I have a system of more than 10 equations with the maximum order going up to 12. I have applied Newton-Raphson method, but it didn't work out in my computer due to memory issues. So, I need an algorithm that is memory efficient and faster.
@ Aravind
Given the strength of NR method, I do not know of any other method which can converge faster. NR has a convergence of 2, i.e., quadratic. Also NR has the inherent problem of diverging! You can try Muller's method which has a convergence of 1.84, besides it can yield real as well as complex solutions! However, coding Muller's method for your system of equations could be tricky.
You can also strengthen NR approach using line Searches and backtracking. Or use Multidimensional secant methods: Broyden’s method. See, Chapter 9 of Numerical recipes by Press, Teukolsky, Vetterling and Flannery.
However I am wondering, why you are not using standard approaches of matrix algebra for solving such problems? There are plethora of algorithms available if you transform your problem in the matrix framework.
@ Abderrahim,
You can find it in any standard book on Numerical analysis. Or, simply google it.
@ hahahah. What an irony! Abderrahim says "thanks" and on the contrary, my reply gets downvoted!
@ Pandey,
Thank you. How can I incorporate the range of values to look for a solution, that is, a variable x can take only solutions in [a,b] which is a finite subset of Real line.
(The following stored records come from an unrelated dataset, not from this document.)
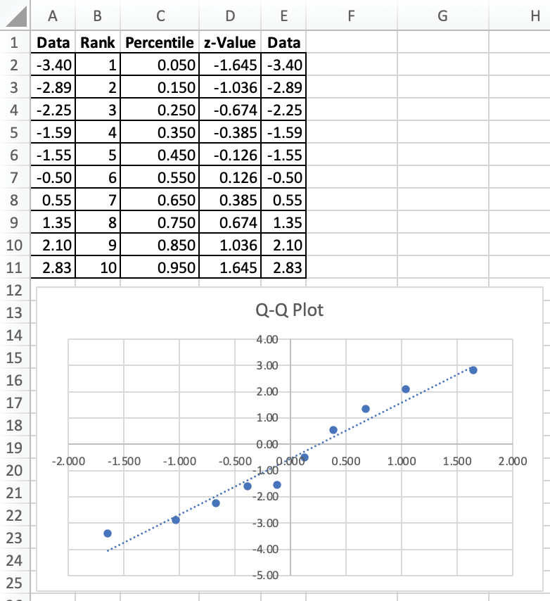 Step 5: Create the Q-Q Plot by: 1) Copy the data from Column A into Column E, 2) Insert and X-Y Scatter chart using Columns D and E to draw the chart, and 3) Add a trend line.
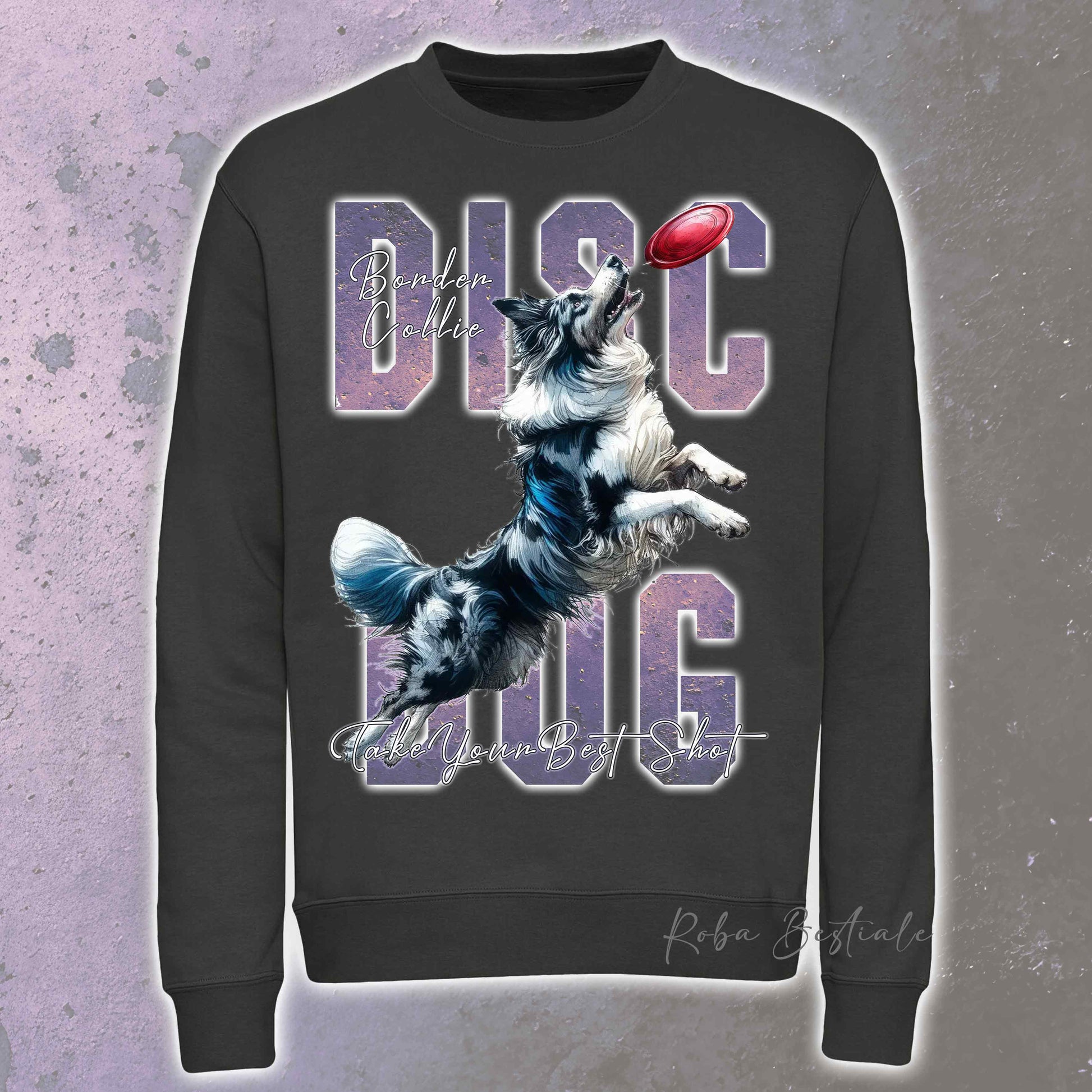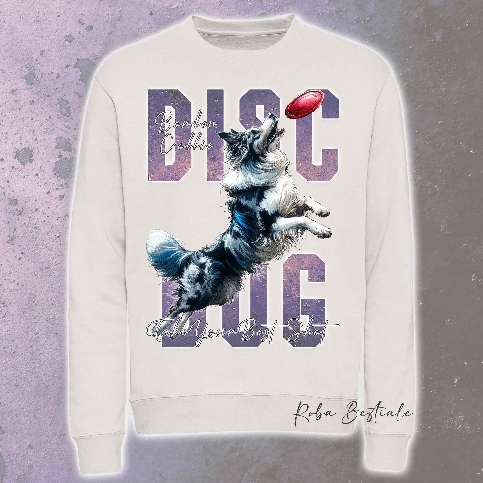 Felpa Invernale APTITUDE - DISC DOG - BORDER COLLIE Blue Merle - Girocollo, Unisex, in tanti colori! - dalla XS alla 3XL
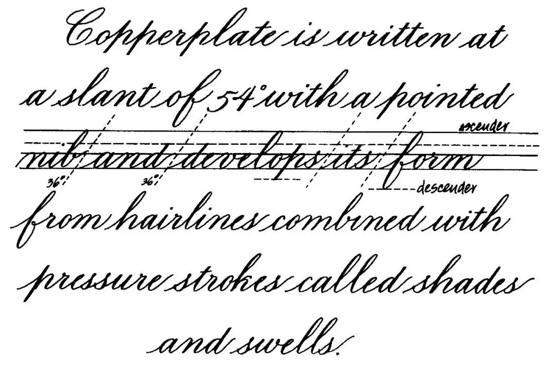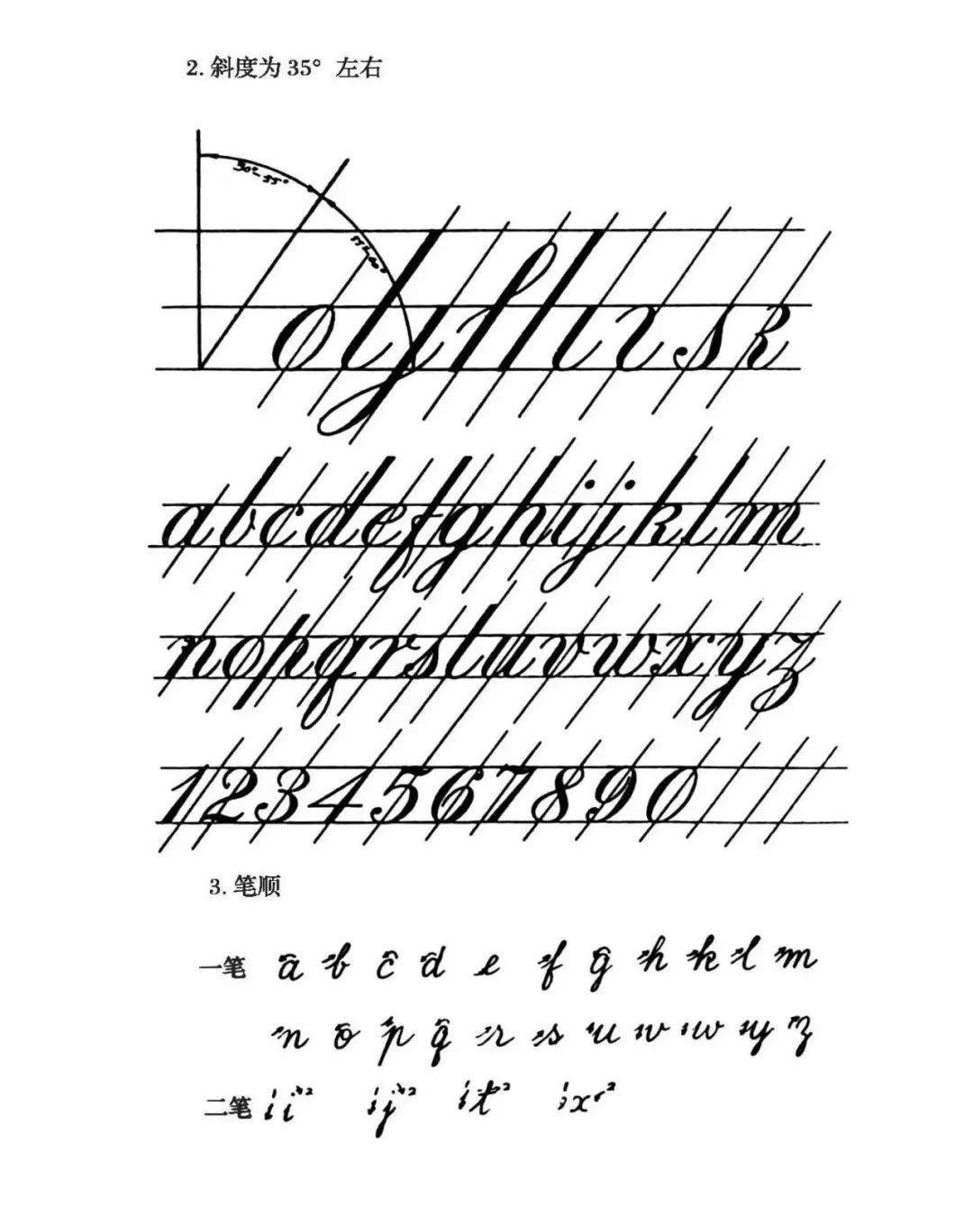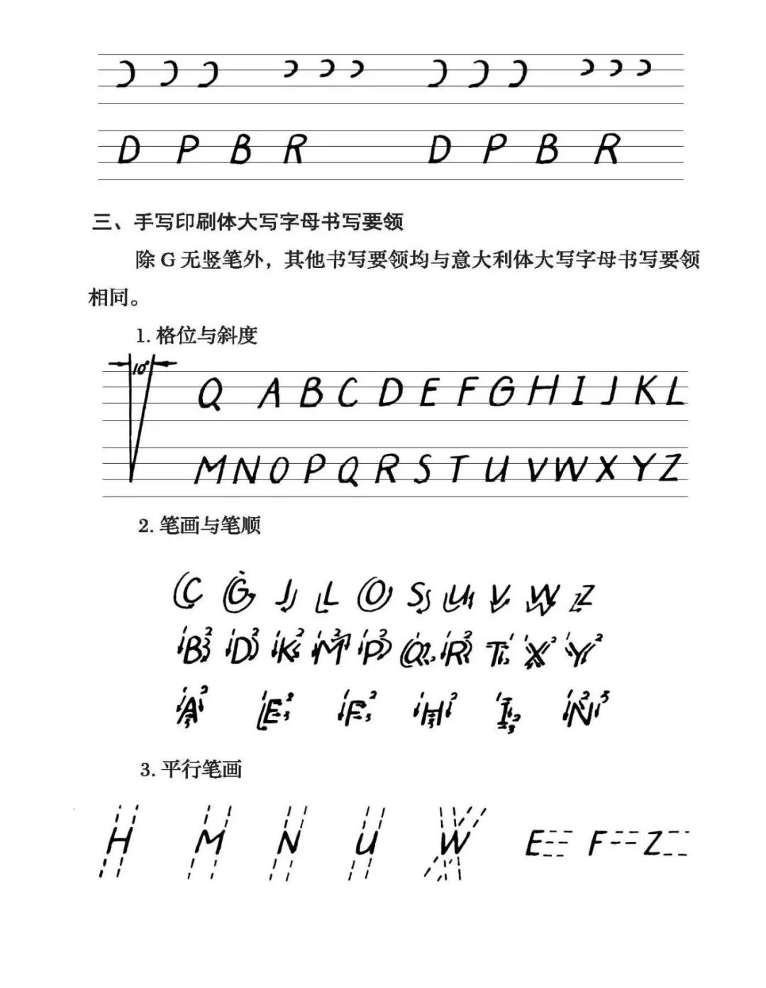 每个字母都应稍向右倾斜,约5°,斜度要一致。
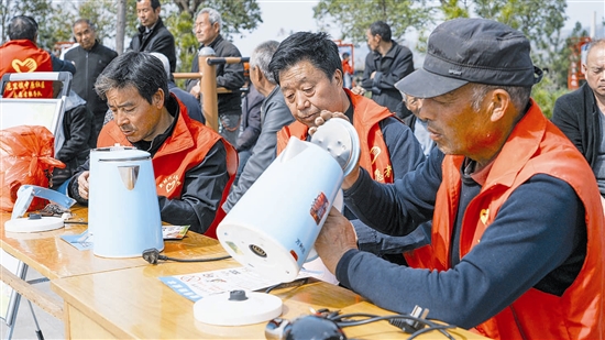 缝被子只是“开胃菜”。当天活动紧扣清明主题,先组织干部群众祭拜革命先烈,随后文艺演出、义诊、理发、家电维修、科技展示、农技培训依次展开。广场另一侧,来自县医院、中医院、卫生所的医生为村民量血压、开药方;义剪区理发师巧手翻飞,大爷大妈理发后精神焕发;电器维修台前排起长队;科技大篷车前孩子们围着机器人兴奋不已;农技专家王群倾囊相授连翘管理心得。
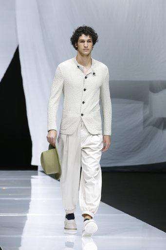 While Armani showed what may have been the only tie on Milan runways this season - and just one - he also sent well-toned models down the runway bare-chested beneath the jackets.
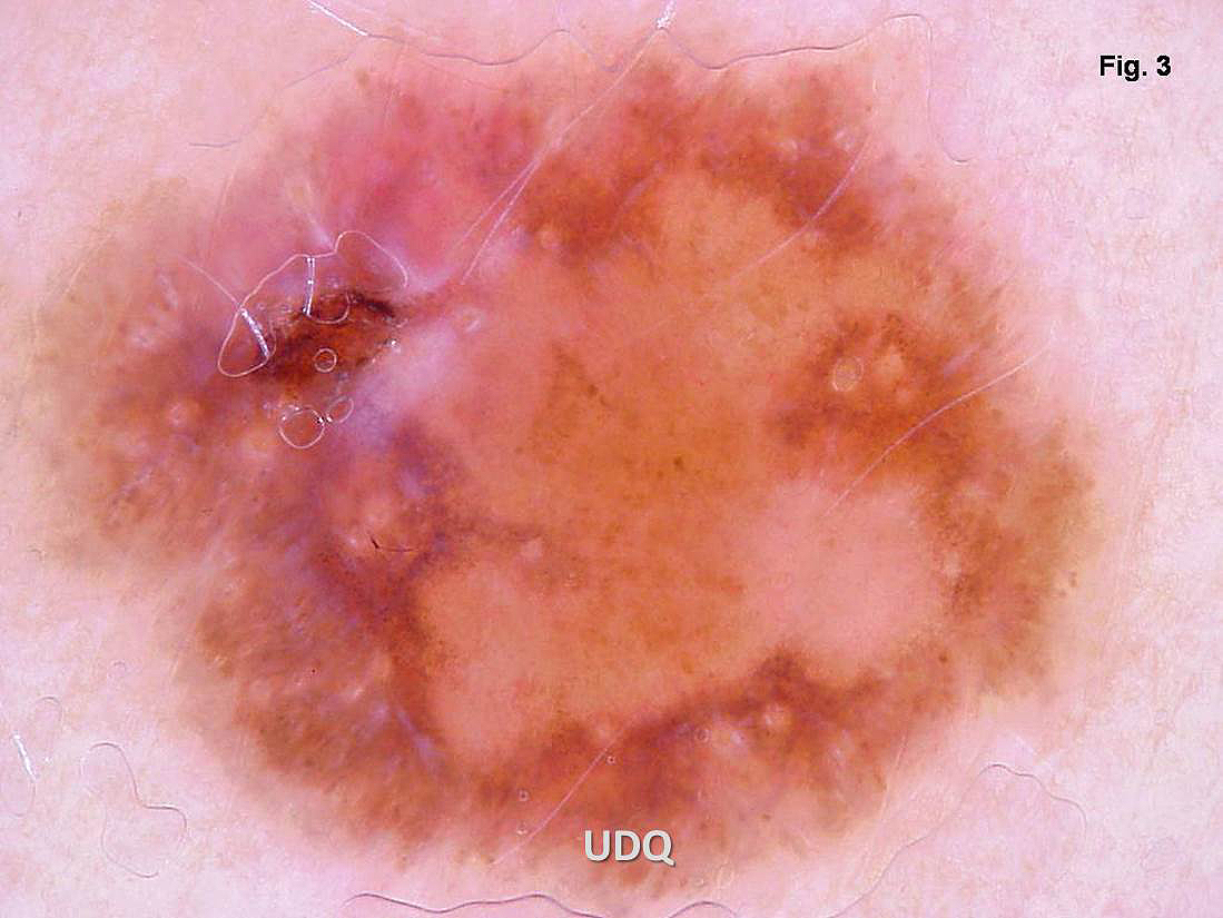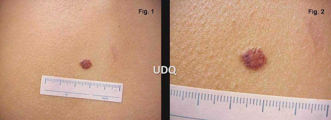 En esta página pueden verse tres imágenes de una misma lesión névica. Fig. 1 simple observación. Fig. 2 observación con lente de aumento. Fig. 3 observación con dermatoscopio.

How I impose this condition in my formulation?
@ Aravind, Well the preliminary guess and the range to look for should be intuitively obtained from the "Physics" of the problem. This is why I had included the option of Muller's method, which requires three guesses to begin with. When I use it, I try to give far away points as guesses. And then it tries to interpolate a quadratic polynomial through the points and then fine tunes itself in the successive steps to reach to the solution.
May the Iterative method for two nonlinear equations has the best efficient for find the approximate solutions.
You can see chapter 10 in the book
' Numerical Analysis by Richard Burden and J. Douglas Faires'
8th Ed. or 9th Ed.
good luck
In my opinion the Barzilai and Borwein method is very effective for solving a nonlinear system of equations. This method is convergent for very complicate elliptic operators when the initial guesses are faraway from the approximate solution. See for example
T. D. Todorov, Nonlocal problem for a general second-order elliptic operator, Computers & Mathematics with Applications, vol. 69, issue 5, 2015, pp. 411-422.
Most of the Newtonian methods need the initial guesses to be very close to the exact solution. Otherwise they are divergent. On the contrary the Barzilai and Borwein method slightly depends on the initial guesses.
This is a good question. I think that you can use Runge-Kutta method for non stiff equations through Ode45 solver of Matlab bakage
Memory problems? WIth 12x12 matrices? Unbelievable. I think the origin of the problem is connected with high powers, thus causing purely numerical troubles, either underflows or overflows.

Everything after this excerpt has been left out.